** TASK TO CARRY OUT **
Leave out every picture, then transcribe the rest of the listing exactly.

** DATA SECTION **
------------------------------------------------------------------------

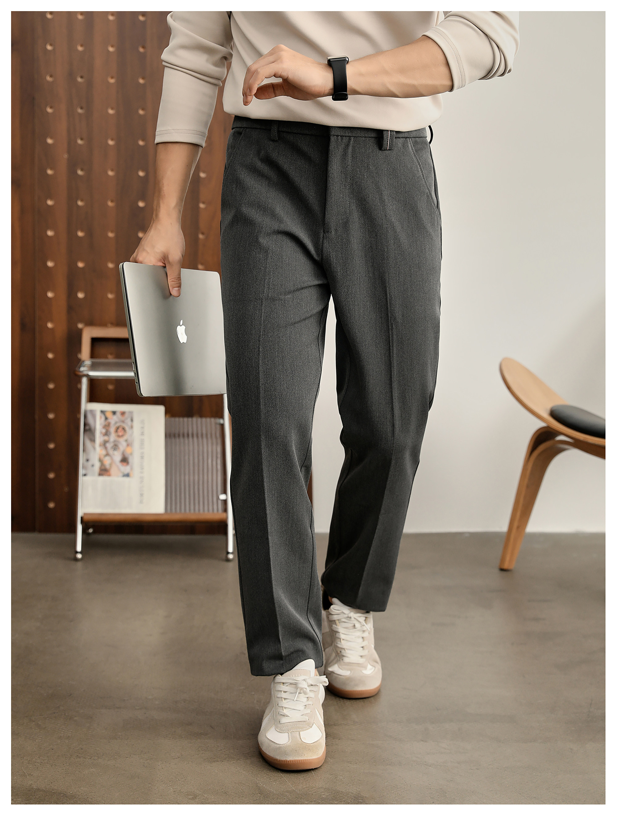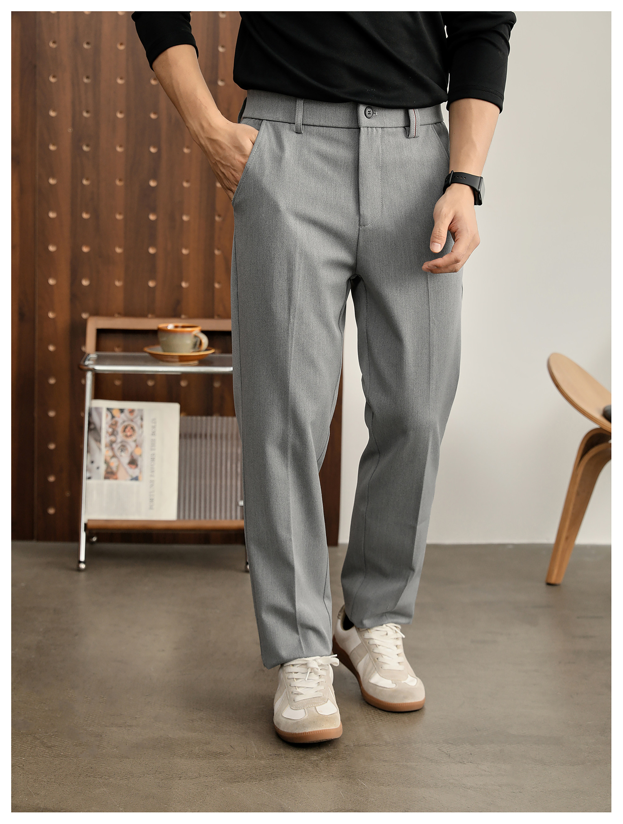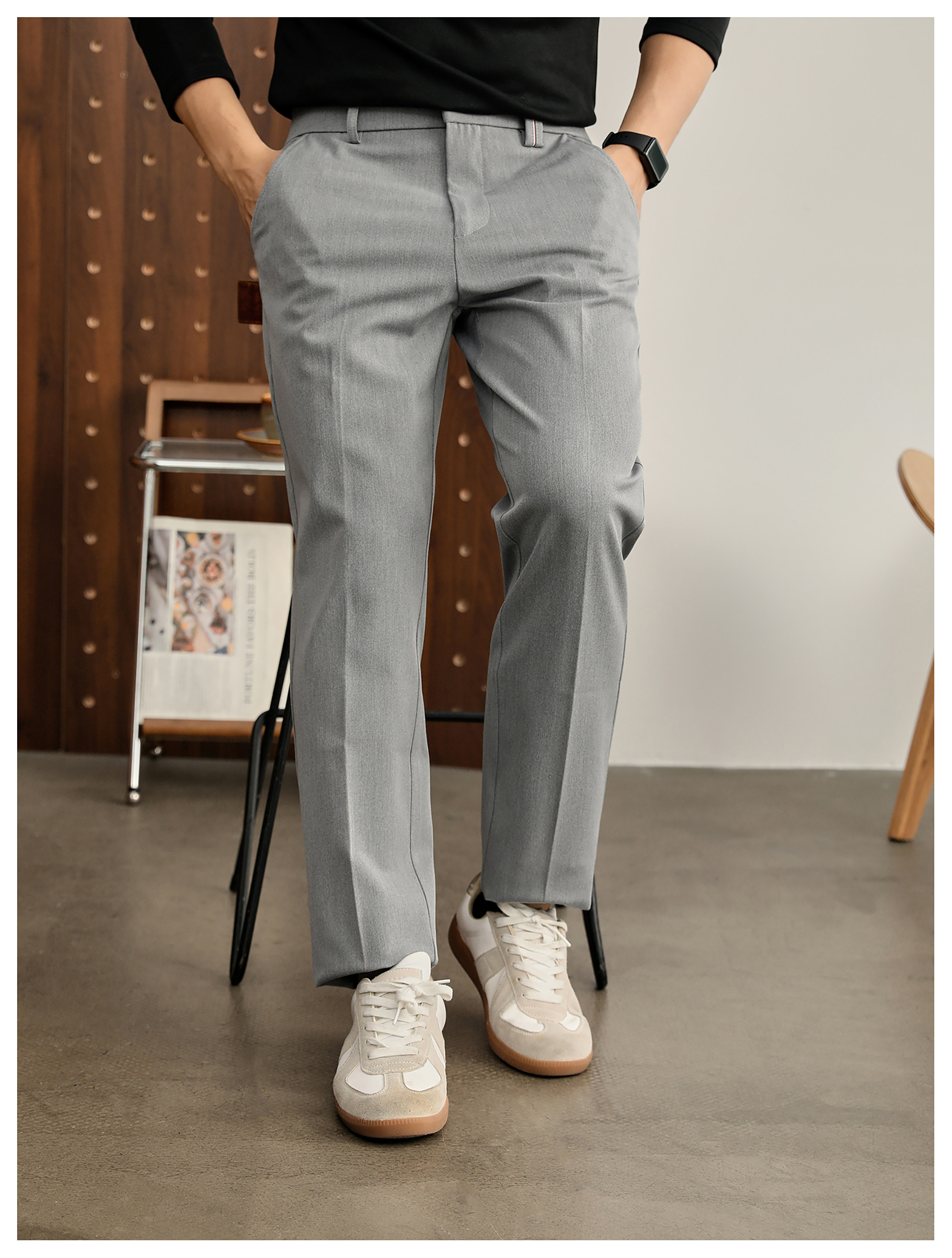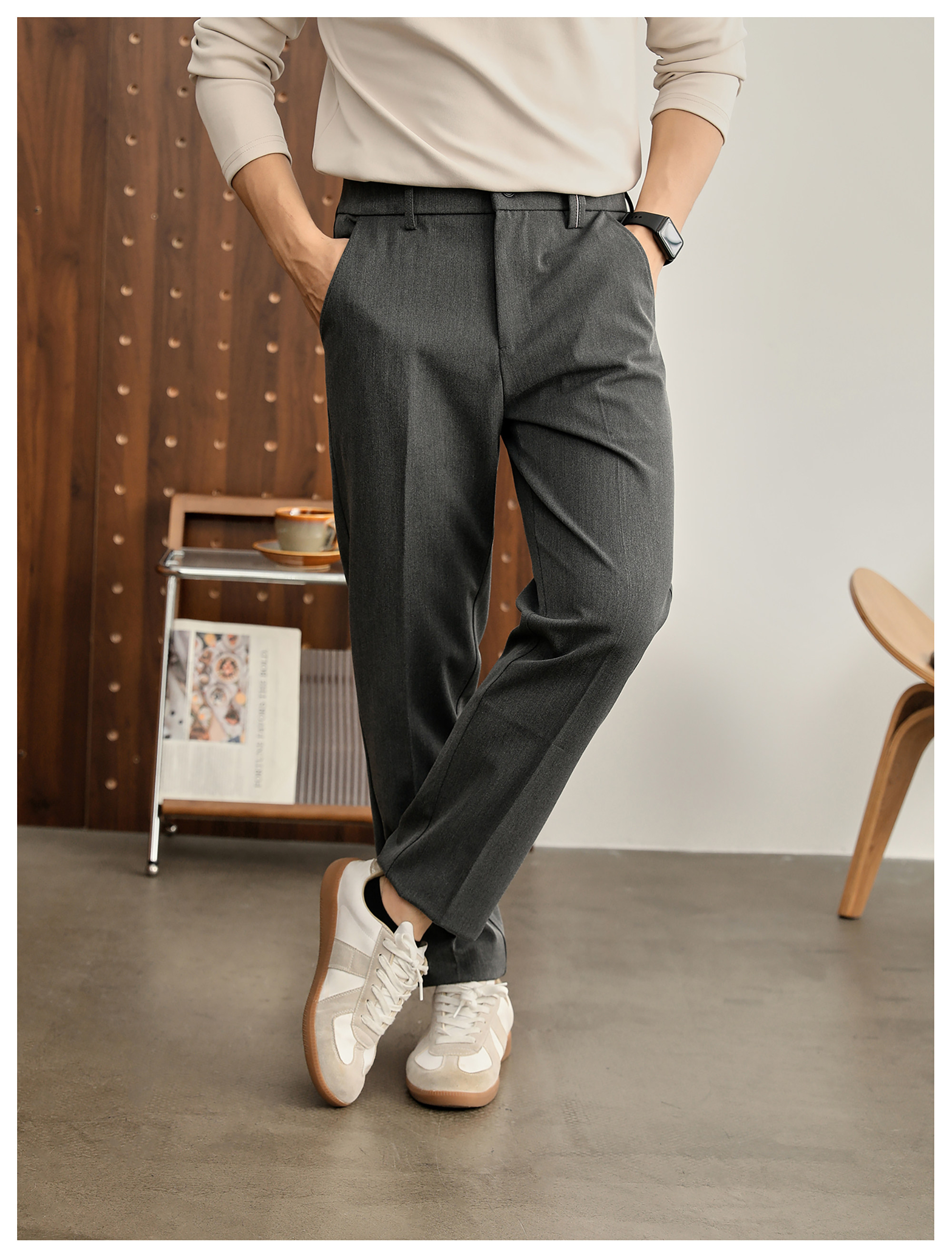 時尚極簡細斜紋色紡休閒西褲男腰頭三色線設計抗皺免燙長褲
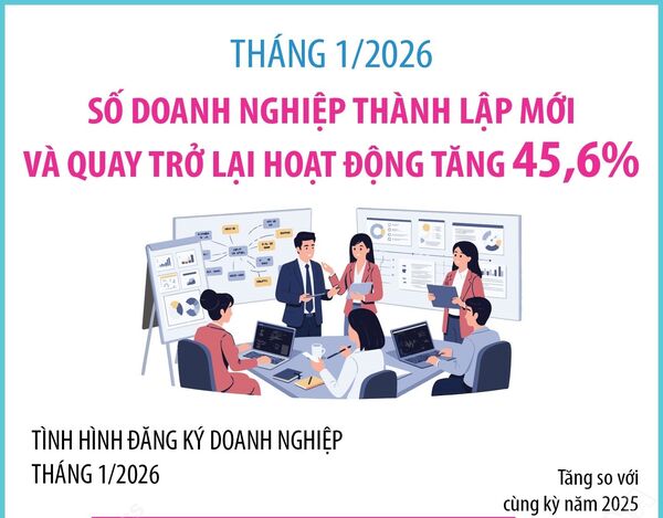 • Tháng 1/2026: Số doanh nghiệp thành lập mới và quay trở lại hoạt động tăng 45,6%
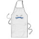 Great looking white chef's apron, with graphics of a crossed silver tone fork and spoon, with a blue banner, across the middle. White text, on the banner, is fully customisable to read what ever you want. Great apron for professional chefs, restaurants, bakeries catering services, or just for at home, in your own kitchen.
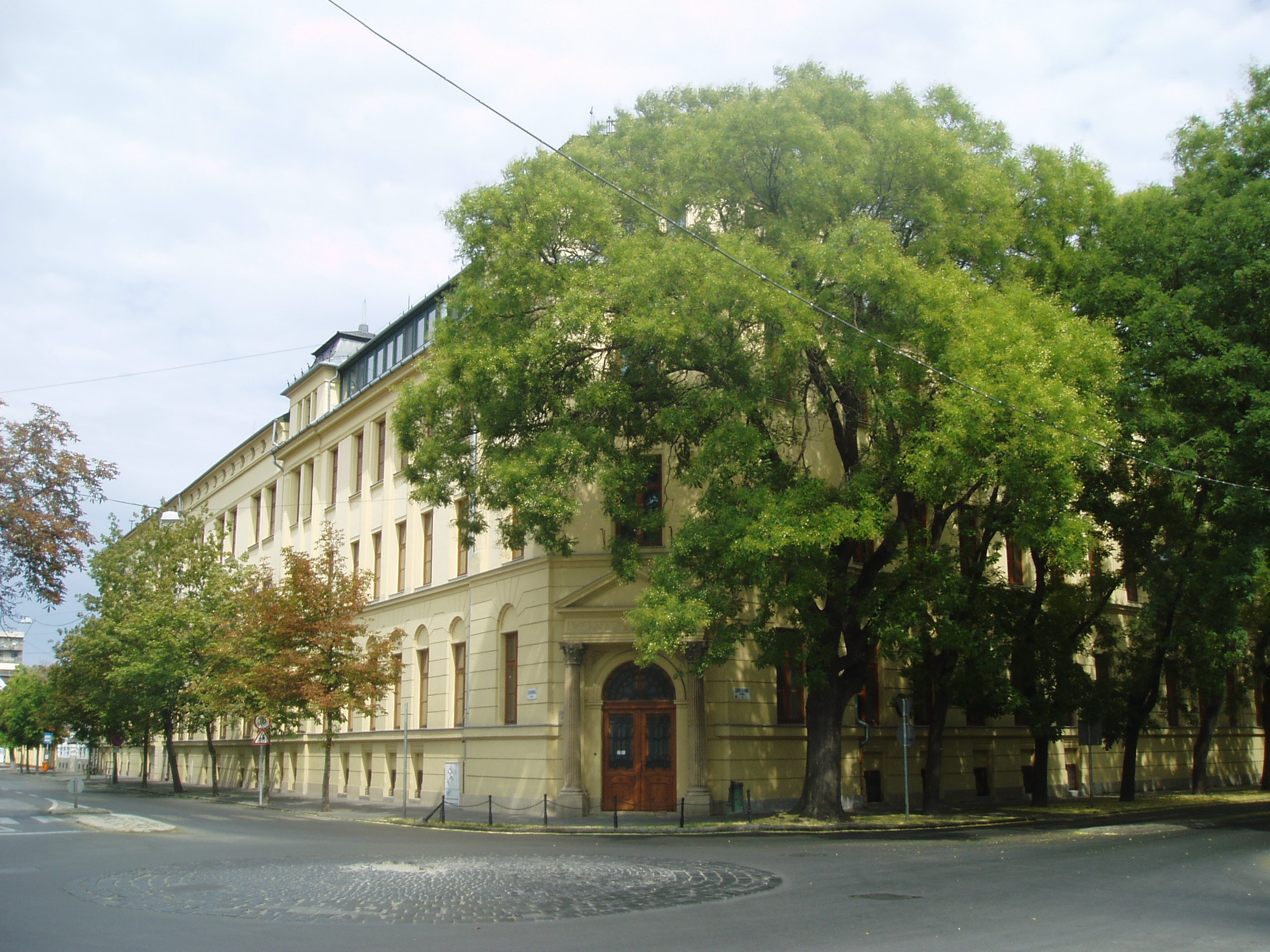 Nyilvános 1145 | 1913 | Szeged, Szentháromság utca 70-76. | Az egyházi Karolina Iskola épületében az elmúlt rendszer idején a Juhász Gyula Tanárképző Főiskola Ének–zene Tanszéke működött. Itt tanított Kardos Pál Liszt–díjas karnagy, aki 1961–1972 között a főiskola leánykarát is vezette. Kardos Pál tanári személyisége, művészi igényessége meghatározóvá vált növendékei és kollégái körében. Emléktábláját 2002. március 22-én avatták fel az épület falán. Az épületen portrédomborműves emléktábla idézi Bálint Sándor néprajztudós (1904–1980), „a legszögedibb szögedi” alakját, aki 1937 és 1941 között az itt működő Iskolanővérek tanítóképzőjének tanára volt. A fénykép 2007 júliusában készült. Felh. irod.: Tizenkét év kőben és ércben. Szeged, Önkormányzat, 2002 |
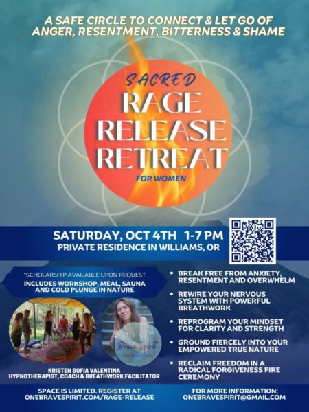 Rage Release Retreat is an in person workshop dedicated to holding a sacred container for truth seekers who are ready to release anger that has been stored within and discover the wisdom behind rage.

------------------------------------------------------------------------

** EXERCISE RESULT **
 時尚極簡細斜紋色紡休閒西褲男腰頭三色線設計抗皺免燙長褲
 • Tháng 1/2026: Số doanh nghiệp thành lập mới và quay trở lại hoạt động tăng 45,6%
 Great looking white chef's apron, with graphics of a crossed silver tone fork and spoon, with a blue banner, across the middle. White text, on the banner, is fully customisable to read what ever you want. Great apron for professional chefs, restaurants, bakeries catering services, or just for at home, in your own kitchen.
 Nyilvános 1145 | 1913 | Szeged, Szentháromság utca 70-76. | Az egyházi Karolina Iskola épületében az elmúlt rendszer idején a Juhász Gyula Tanárképző Főiskola Ének–zene Tanszéke működött. Itt tanított Kardos Pál Liszt–díjas karnagy, aki 1961–1972 között a főiskola leánykarát is vezette. Kardos Pál tanári személyisége, művészi igényessége meghatározóvá vált növendékei és kollégái körében. Emléktábláját 2002. március 22-én avatták fel az épület falán. Az épületen portrédomborműves emléktábla idézi Bálint Sándor néprajztudós (1904–1980), „a legszögedibb szögedi” alakját, aki 1937 és 1941 között az itt működő Iskolanővérek tanítóképzőjének tanára volt. A fénykép 2007 júliusában készült. Felh. irod.: Tizenkét év kőben és ércben. Szeged, Önkormányzat, 2002 |
 Rage Release Retreat is an in person workshop dedicated to holding a sacred container for truth seekers who are ready to release anger that has been stored within and discover the wisdom behind rage.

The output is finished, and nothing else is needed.